Tuesday 25 February 2014

Tales of Blood and Glory: Neuromancer


So I finished reading Neuromancer about a week ago. Wow, it's really good. As I mentioned recently, it's major theme is pushing the relationship between people and technology to uncomfortably intimate. The Ghost in the Shell-like climax of this theme occurs around the climax of the novel's plot-action.

Hardboiled Sci-Fi


Neuromancer is written as a sequel to Gibson's Johnny Mnemonic and Burning Chrome stories, and like those stories it is written in the style of a Hardboiled crime story. This gritty style allows Gibson to create a more realistic Sci-Fi(one of his stated goals) in much the same way that it helped Chandler to invent a more realistic Detective Fiction, based more on wheeling and dealing than on intellectual mind exercises.

Gibson also uses the hardboiled style to further his theme of discomforting human/technological syntheses. For example, his use of Chandlerisms. While Chandler uses these to set to mood through the eyes of the narrator, a man of honor living in a rough world that is wearing away at him, Gibson additionally uses these metaphors to give a view of the world through a technological lens. For example, the book's much-quoted opening line "The sky above the port was the color of television, tuned to a dead channel".

Also worth contrasting are their heroes. While Chandler's heroes are sympathetic for their moral code, Neuromancer's Case is sympathetic more for the Pathos elicited from his dependency on technology(though Johnny Mnemonic, on the other hand, is arguably more of a Chandlerian hero. Does Johnny dying and Molly taking-up with Case have some other message about the death a that type of hero in literature?)

Keeping Focus


Now let's compare Neuromancer with another contemporary Harboiled imitator: Michael Chabon's "The Yiddish Policeman's Union".

If you're ever read Chabon's "A Model World and Other Stories", you know that the man can write one hellova short story. Really, it's a brilliant, brilliant collection--really enjoyable and highly recommended. And Yiddish Policeman's Union is full of that same brilliance: there are so many great little bits. But, as a novel, it just felt seriously flawed to me, and the biggest reason, to my mind, is focus.

Neuromancer has a lot going on. But overall it is a very focused novel. It's got one overarching theme, leaving it free to focus on creating a fast paced roller coaster ride of a high-octane, hi-tech crime story.

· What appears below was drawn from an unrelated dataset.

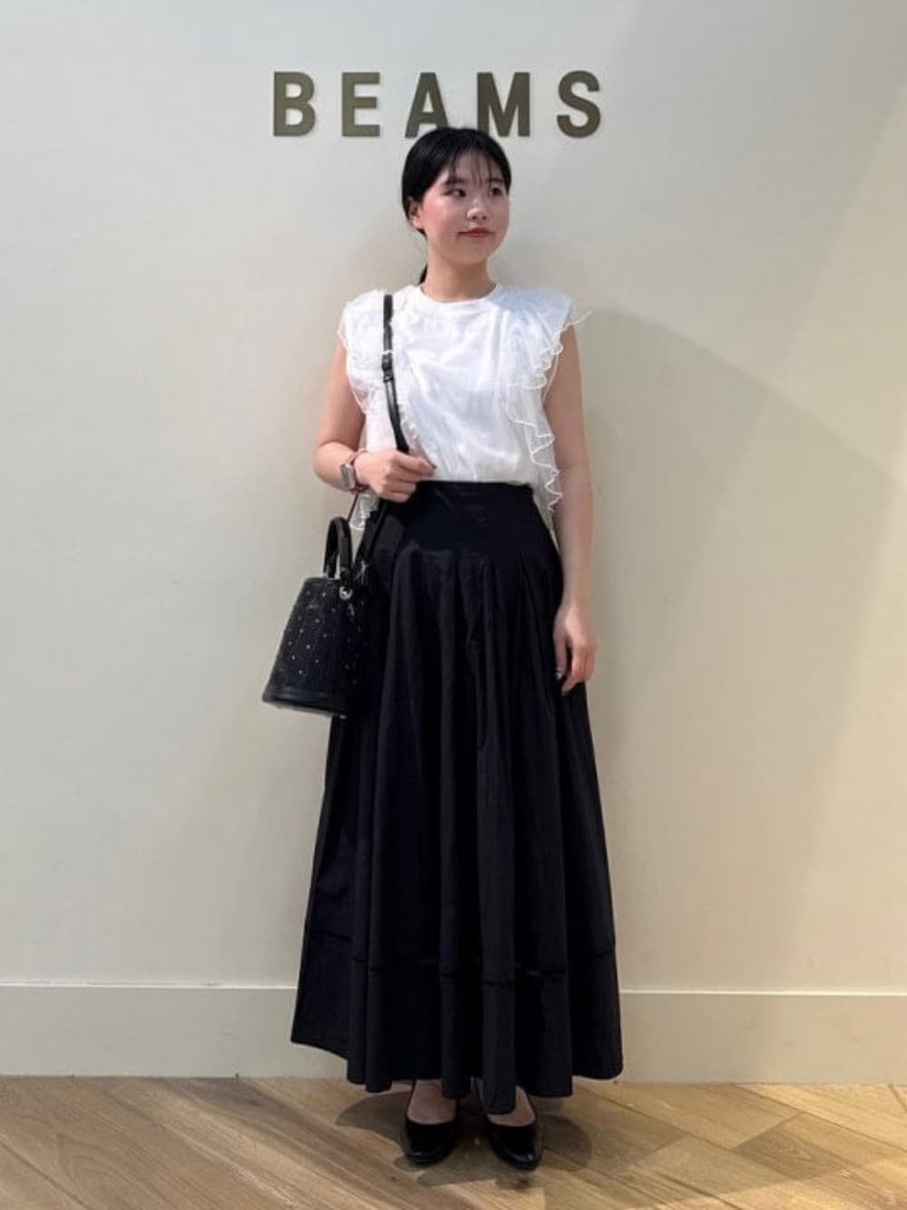 Ray BEAMS(BEAMS WOMEN)のTシャツ/カットソー「チュール レイヤー ラッフルスリーブ Tシャツ」を使ったコーディネート

Yiddish Policeman's Union, on the other hand, is all over the place. Chabon has so much to say about people, relationships, Judaism, politics, and a lot of it quite profound. And yet, I felt like it was too much, just jumping all over the place. And he's so into symbolism that I remember finding his use of Chandlerisms occasionally distracting from the actual story. As for the plot itself, it moved along quite slowly through most of the novel and when it finally got moving the emphasis became more of this political message Chabon was trying to drive home, rather than on the mystery or the characters. So, overall, lots to love in this novel, but sometimes less is actually more and I can't help feeling that it didn't live up to it's potential. Maybe if Chabon he'd found one central theme to stick to like Gibson in Neuromancer, then we would have gotten a better detective story. Or perhaps, it could have been written as a series of short-stories taking place in the same location.